- _What the exercise asks_
Exactly the lines from the one containing "Além disso, tiras" through the end of the listing below are required, restated word for word and without pictures.

- _Records_
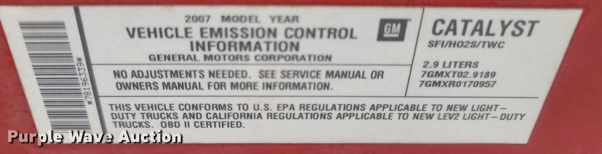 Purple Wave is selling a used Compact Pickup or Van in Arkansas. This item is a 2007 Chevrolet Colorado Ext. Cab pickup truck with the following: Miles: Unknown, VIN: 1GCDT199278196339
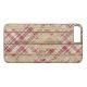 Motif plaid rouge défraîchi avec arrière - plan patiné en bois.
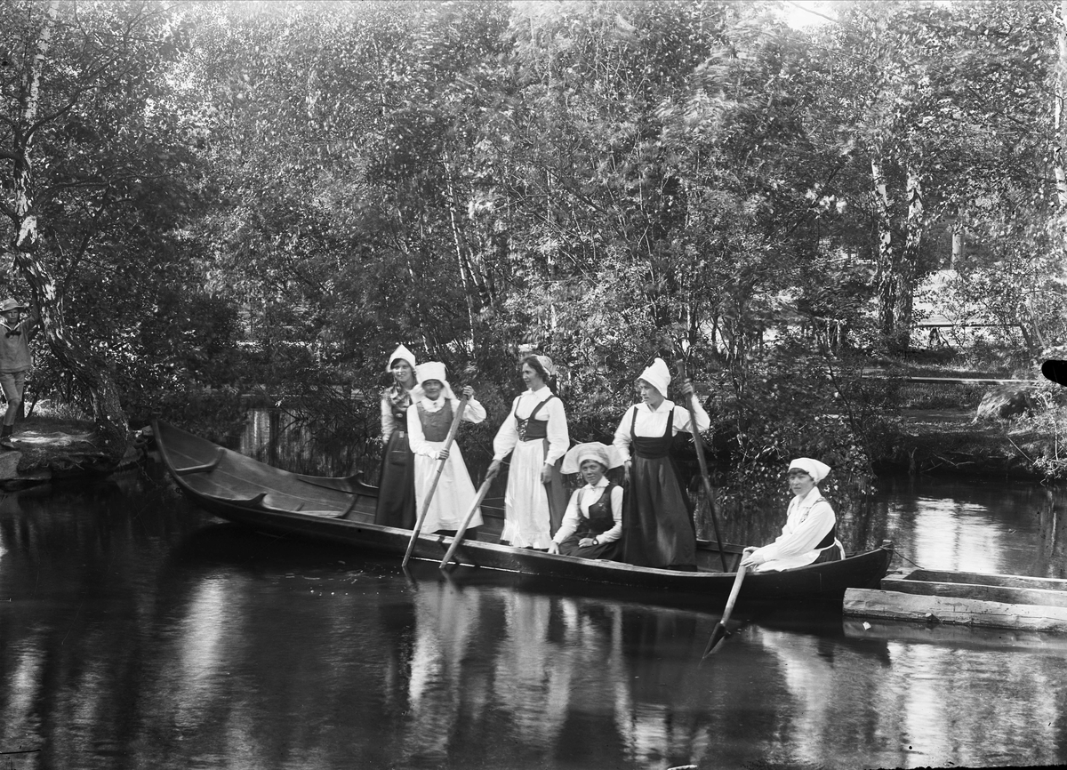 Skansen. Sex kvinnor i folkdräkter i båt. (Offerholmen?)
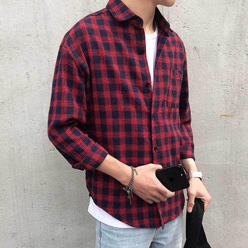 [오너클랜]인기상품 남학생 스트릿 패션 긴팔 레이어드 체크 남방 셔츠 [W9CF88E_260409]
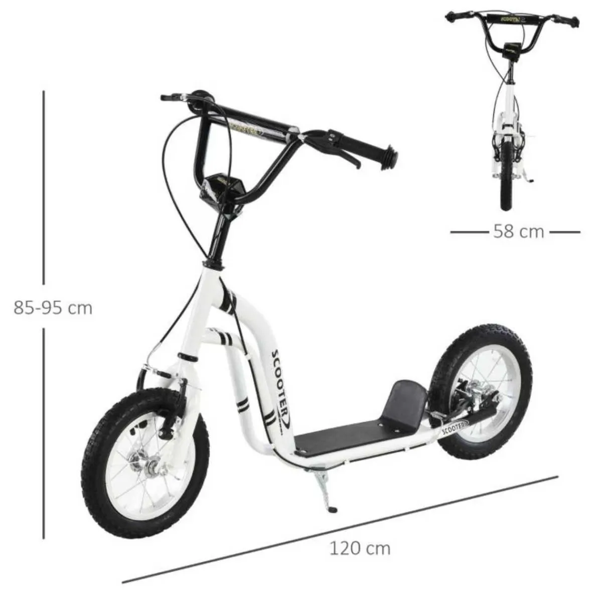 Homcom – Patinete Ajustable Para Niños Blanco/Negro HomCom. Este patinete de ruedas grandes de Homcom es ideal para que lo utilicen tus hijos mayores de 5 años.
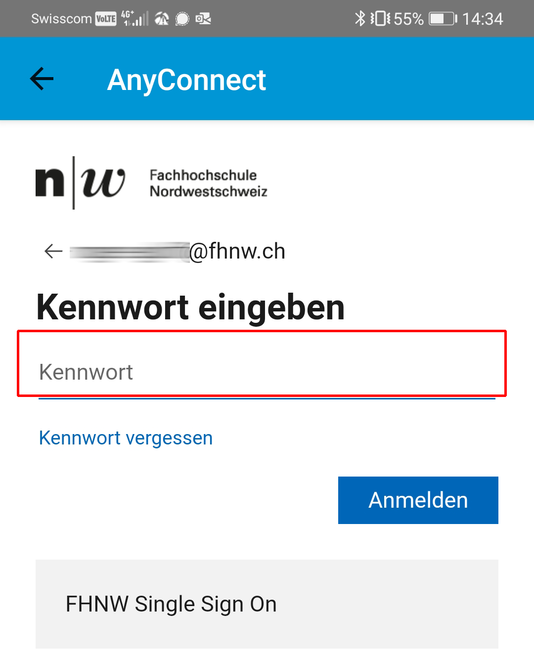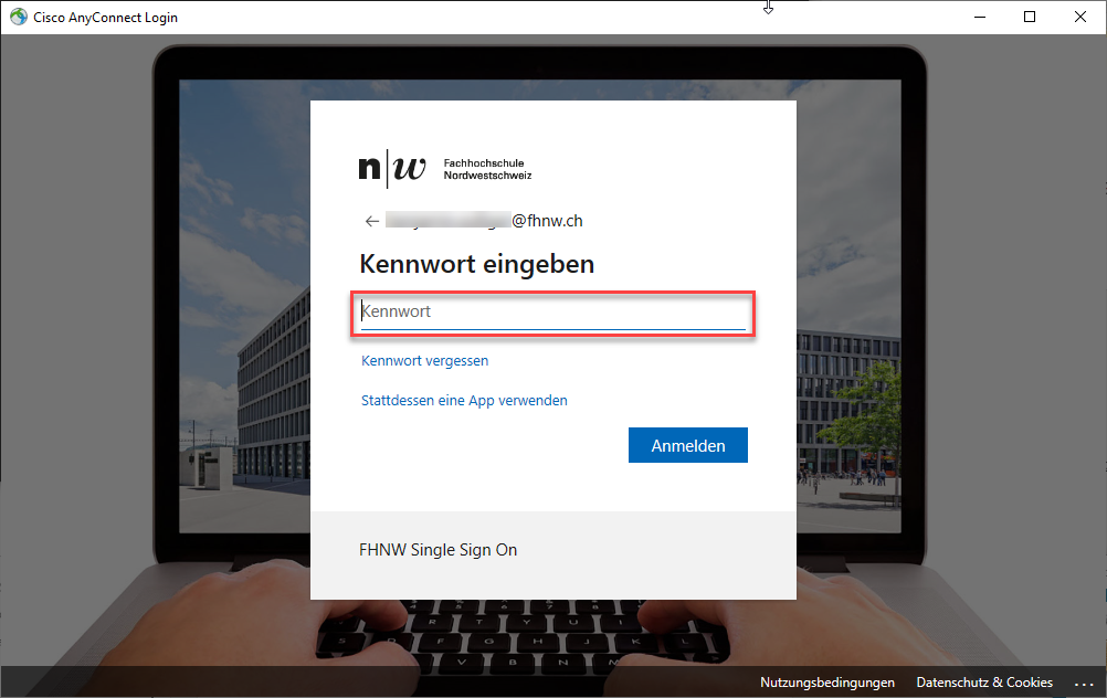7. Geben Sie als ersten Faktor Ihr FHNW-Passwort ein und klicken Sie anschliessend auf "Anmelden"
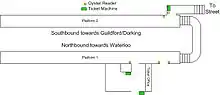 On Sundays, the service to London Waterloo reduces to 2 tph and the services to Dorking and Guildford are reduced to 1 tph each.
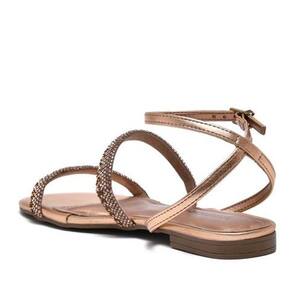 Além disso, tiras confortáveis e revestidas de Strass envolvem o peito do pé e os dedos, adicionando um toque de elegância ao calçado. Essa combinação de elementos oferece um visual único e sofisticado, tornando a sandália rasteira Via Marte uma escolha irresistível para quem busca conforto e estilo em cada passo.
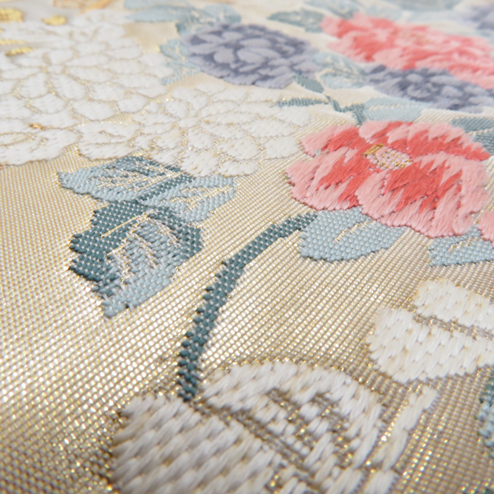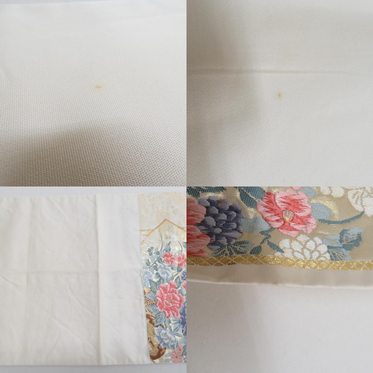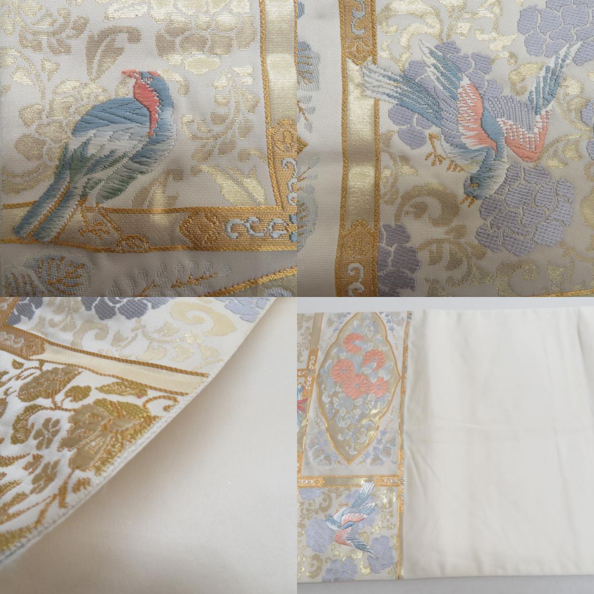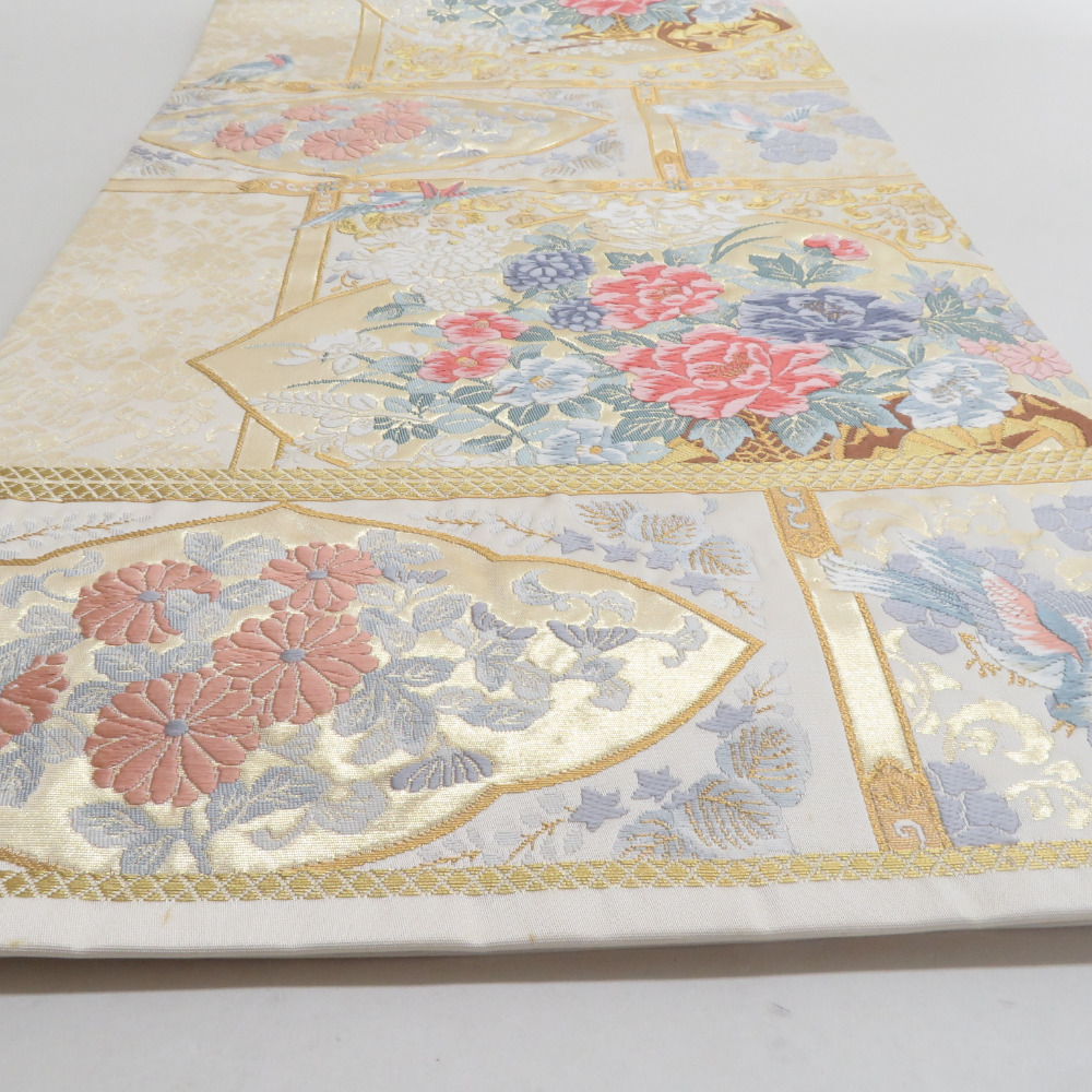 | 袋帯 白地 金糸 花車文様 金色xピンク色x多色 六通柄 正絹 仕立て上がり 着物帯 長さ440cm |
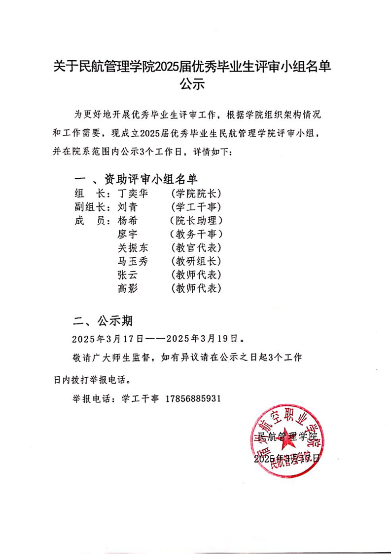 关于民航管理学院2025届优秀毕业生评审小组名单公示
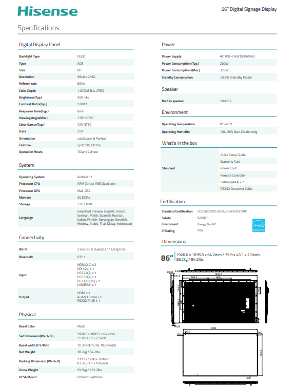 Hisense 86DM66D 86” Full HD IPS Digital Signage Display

- _Answer box_
 Além disso, tiras confortáveis e revestidas de Strass envolvem o peito do pé e os dedos, adicionando um toque de elegância ao calçado. Essa combinação de elementos oferece um visual único e sofisticado, tornando a sandália rasteira Via Marte uma escolha irresistível para quem busca conforto e estilo em cada passo.
 | 袋帯 白地 金糸 花車文様 金色xピンク色x多色 六通柄 正絹 仕立て上がり 着物帯 長さ440cm |
 关于民航管理学院2025届优秀毕业生评审小组名单公示
 Hisense 86DM66D 86” Full HD IPS Digital Signage Display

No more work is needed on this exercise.